I still feel the press of her fingers. I can still hear the quivery soprano of her voice. I still remember shifting my weight and counting down the minutes in the song until we could finally let go.

I didn’t want to let her go. I stood in that hospice room, watching her sleep, listening to my parents and uncle tell me about her condition and how she seemed confused whenever she woke up. They spoke about “the process” and referenced some blue book about the stages of death and celestial seas. I hadn’t seen her in a week, not since I kissed her good-bye for what I thought was the last time in the hospital. I had worked all week, preoccupied by thoughts of my dying grandmother.

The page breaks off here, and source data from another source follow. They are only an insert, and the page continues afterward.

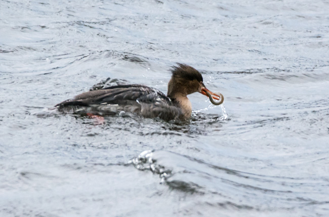 Dives for fish and invertebrates.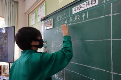 調べたことを黒板に書き入れます。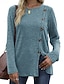 Жен. Текстурная блузка Футболка Полотняное плетение На каждый день Длинный рукав V-образный вырез Обычные топы Повседневные На выход Пуговицы Черный Пыльно-синий Пурпурный Коричневый Бежевый Осень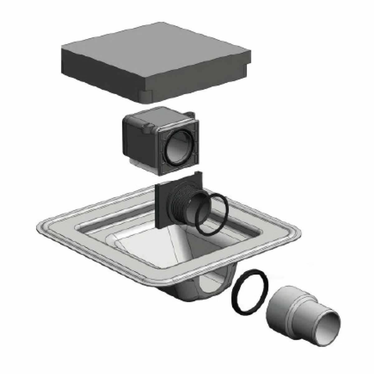 - Verbindung zum Ablaufrohr mit Gummimuffe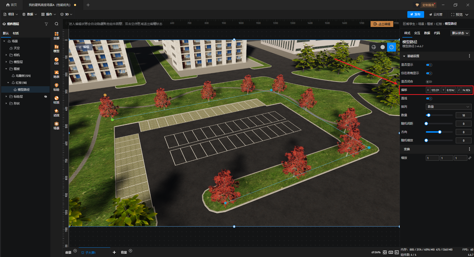 “偏移”设置中可以调整植被模型的路径位置。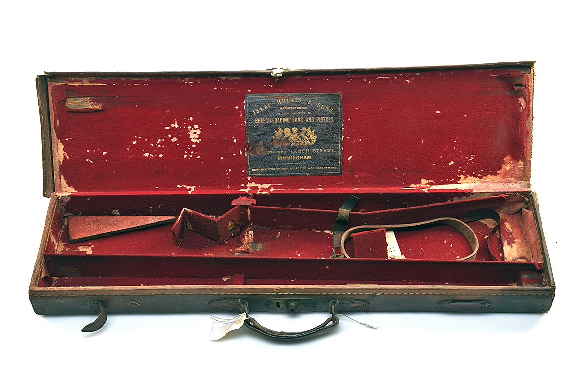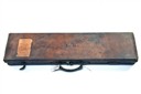 A LEATHER SINGLE GUNCASE, fitted for 30in. barrels, the interior lined with red baize (moth damage), an Isaac Hollis & Sons trade label, brass lock (key missing)
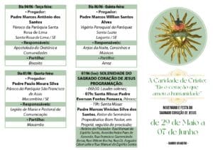 Em todas as noites, haverá, a partir das 18h, exposição do Santíssimo Sacramento, Novena do Sagrado Coração de Jesus e Santa Missa (19h).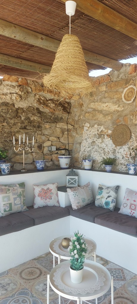 Vorig jaar had ik op een marktje een lamp gekocht voor een prikkie. Ik was er zo blij mee dat ik Lesley deze tovenaars hoed, zoals hij hem noemt, had laten ophangen in de keuken echter dat was toch niet zo’n succes, hij was te groot voor die plek en te donker. Natuurlijk had ik alweer een nieuw plekje bedacht namelijk bij de buitenplek La Calera, daar komt hij veel beter tot zijn recht. De oude lamp maak ik even goed schoon en komt weer vertrouwd in de keuken terug.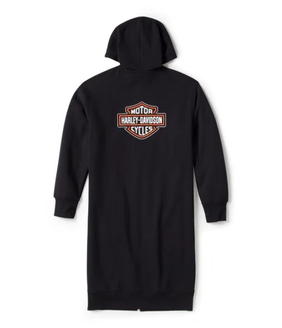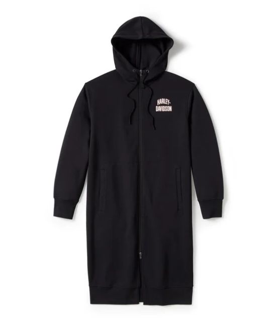DESCRIZIONE: Perfetto per una serata calma o per un'uscita casinara con le amiche, il duster full zip Essential è irrinunciabile nel tuo guardaroba. Realizzato per la massima durabilità e comfort grazie al tessuto interlock pesante di cotone/poliestere, si caratterizza per il taglio più lungo, che si abbina bene a un paio di leggings o a dei jeans aderenti. Questo duster da donna è dotato di un cappuccio con coulisse foderato in jersey e polsini con foro per il pollice, per mantenere le mani calde. Il capo è rifinito con grafiche di ispirazione floreale, per un autentico look Harley-Davidson. Acquistala subito prima che le scorte finiscano.

I flinched every time my cell phone rang.

As soon as I was able, I drove to the hospice from Indiana—three hours—after a late class, lost an hour heading East. I had only an hour or so to speak with my parents to know what had happened during the week.

The scene was not what the doctors had predicted.

She had signed a “do not resuscitate” years before and spoke with disdain about nursing homes or assisted living facilities. It was impossible to know for sure what damage the stroke had done. She spoke well for having suffered a massive stroke. But, she had not eaten for days. Was it the starvation that suddenly energized her brain? The little blue book claimed so. This was part of the journey they bulleted for family members to help them cope.

I couldn’t cope—with the fact that she seemed alert and strong considering the week her body had endured. I sat in the chair by her bed and clutched her hand.

My grandmother and I had a unique relationship. She’d called me “hard to get to know” once when I was younger. By all accounts, I had grown into the woman she might’ve been had she not married and had children. In the 1940’s, she moved from a small farm in Ohio to Arizona—an independent spirit that her World War II era eventually broke. She would marry my grandfather three months after their first date, a blind date. She would give birth to two sons. She would play the wife and mother for years, even though she worked full-time and refused to be stay-at-home mom.

Years later, my grandmother and I would enjoy some adventures. I would drive her down from Bowling Green, Ohio to her hometown of Nevada to see her brothers and sisters. We would drive all over Ohio, our own version of Thelma and Louise. I was easy-going and laid back and never minded her telling me where to turn or how to drive. She could tell me things that she had done—like mow her own lawn—and I never chastized her. My father and my cousin were more parental in their concern for her.  My cousin was the closest thing my grandmother had had to a daughter, and they would bicker and battle, so like each other in itchier, feistier ways. 

My grandma and I, on the other hand, were kindreds in our indomitable independence, though neither of us ever put that into words.

And, so, when I held her hand at her hospice bedside, I had no words for the question she asked me. My parents had left. My uncle had left. I had wanted a few more minutes with her before I left for the night.

Suddenly, she seemed especially lucid, her blue eyes focused onto my brown ones, and she asked me the question that haunts me almost a year to the day later.

“When will I be released?” she asked, her eyes wide and childlike.

My knees shook, nausea tingled in my stomach, and I held her hand even tighter.

“I don’t know,” I said, my breathing hard. “I think in a couple of days.”

I thought my lie might help her sleep that night; I would not sleep at all.

She would come to accept that she was in hospice care, and I would be able to tell her that I loved her and how much she meant to me.

But, the lie lingers, even now--one of those moments in life that change you—for good and for bad.